Fair....especially when they are that expensive and test that low serum wise.

He says each vial has like 2-3iu insulin in there too....

Someone on their mentioned rips have anti diuretics in the filler


----------



## thoon (Apr 4, 2010)

" On another site "

Im sure he will say what ever it takes to promote what he has ..


----------



## goonerton (Sep 7, 2009)

J.Smith said:


> Fair....especially when they are that expensive and test that low serum wise.
> 
> He says each vial has like 2-3iu insulin in there too....
> 
> Someone on their mentioned rips have anti diuretics in the filler


lol i read him posting last week that the new kigs also contain IGF1!

i have read a few people say that about anti diuretics with rips as a lot of people report holding a lot of water on them, i'm holding a bit but for me has definitely reduced the longer i've been running them, but holding extra water is a pretty standard side effect of GH anyway.

that is why they put anti diuretics in bunk GH so that you hold more water mimicking what you would expect from real GH.

the rips have been consistently serum testing in the 30s ug/l, so i can't really see what the point of cutting with another substance that mimics GH sides would be , when testing shows they are already very GH potent...


----------



## J.Smith (Jul 7, 2011)

what dose are you running?


----------



## Bensif (Aug 28, 2011)

GH15 knows what he's talking about, I 100% agree with you posted J.Smith. Alot of bunk Kigs going around but there are some legit Kigs out there if you know the right people. Good post.


----------



## 3752 (Jan 7, 2005)

Goldigger said:


> All this GH15 talk makes me laugh as he says kigtropin is pharma grade and the best you can get...
> 
> Shame most of the kigs are crap...


well i don't thnk i know of this guy but just for the fact he has said Kigs are Pharma Grade proves he is an idiot......i used the first lot of Kigs that came into this country years ago and they where very good (obvouisly overdosed) i have used some since then and they have not been as good......



J.Smith said:


> the kigs on here come in a complete different box mate to the ones ive seen on here.
> 
> plus direct from the approved source...the kigs are a good 50% more expensive than what we pay here for kigs.

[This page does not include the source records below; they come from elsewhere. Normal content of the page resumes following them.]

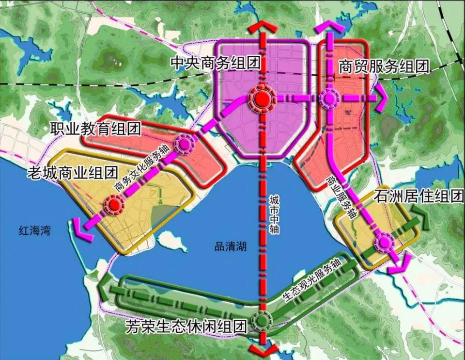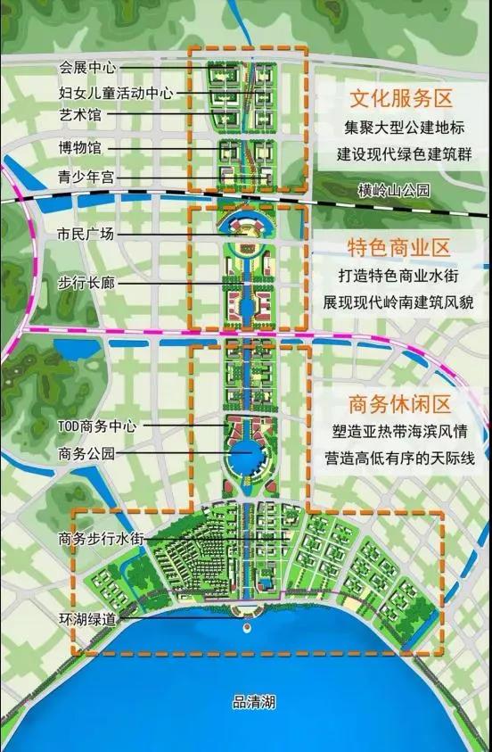 汕尾城市中軸線以汕尾高鐵站為起點(diǎn),沿著中軸西路(建設(shè)中)、站前橫路、汕尾大道等城市主干道向四周延伸,一直延伸至品清湖。
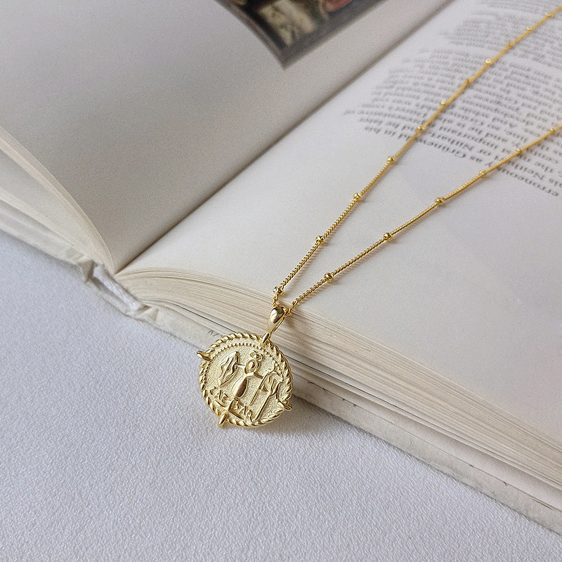 Embossed Coin Sterling Silver Plated Gold Necklace
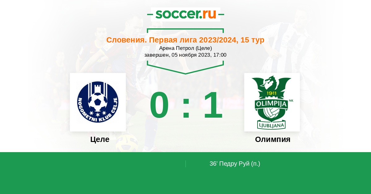 Словения. Первая Лига 02.11.2014 Олимпия Логотип футбольный клуб Олимпия (Любляна) 1:3 Логотип футбольный клуб Целе Целе
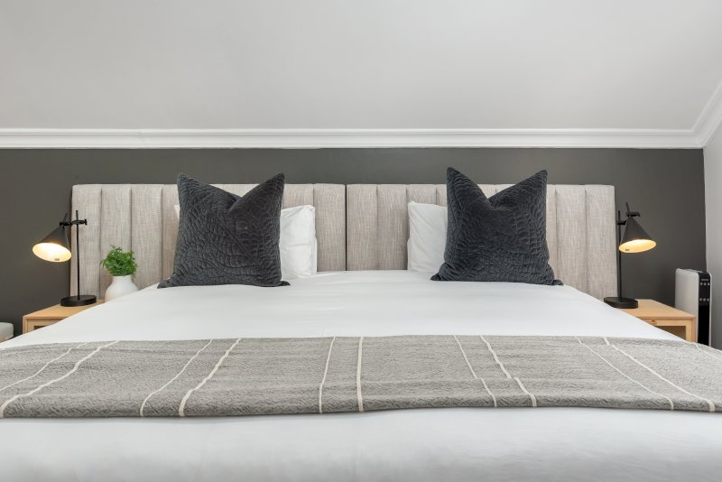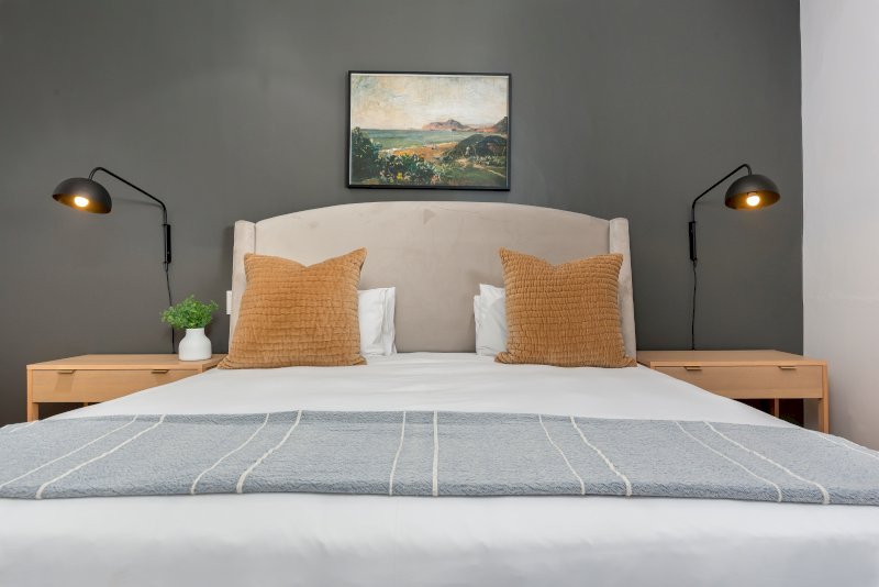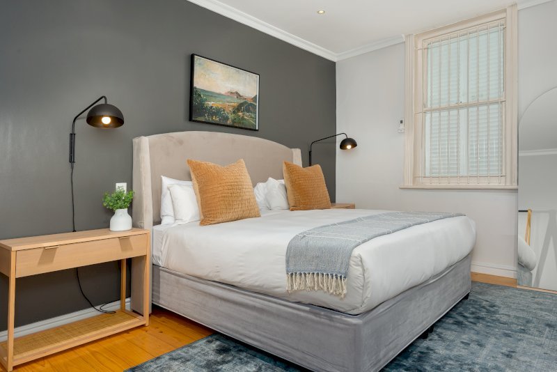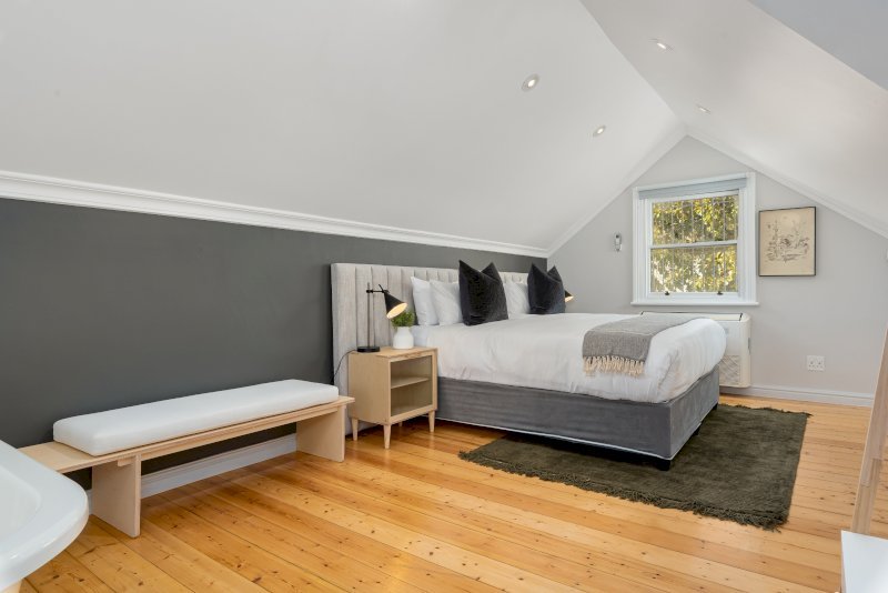 The spacious upstairs loft-style bedroom is a dream-space with whitewashed tilted ceilings, king size bed and open plan bathroom with classic bathtub and separate walk in shower. The second bedroom has a king size bed, aircon and en suite bathroom with walk-in shower. The third bedroom has 2 x single beds, aircon and a separate bathroom with walk-in shower.

price means nothing, just because a certain brand cost's more on one site than another does not mean it is better just means that site has found idiots to pay more


----------



## 3752 (Jan 7, 2005)

Bensif said:


> GH15 knows what he's talking about, I 100% agree with you posted J.Smith. Alot of bunk Kigs going around but there are some legit Kigs out there if you know the right people. Good post.


can i ask what sets the bunk kigs apart from the genuine ones in your opinion going on your experiences?


----------



## Bensif (Aug 28, 2011)

Pscarb said:


> can i ask what sets the bunk kigs apart from the genuine ones in your opinion going on your experiences?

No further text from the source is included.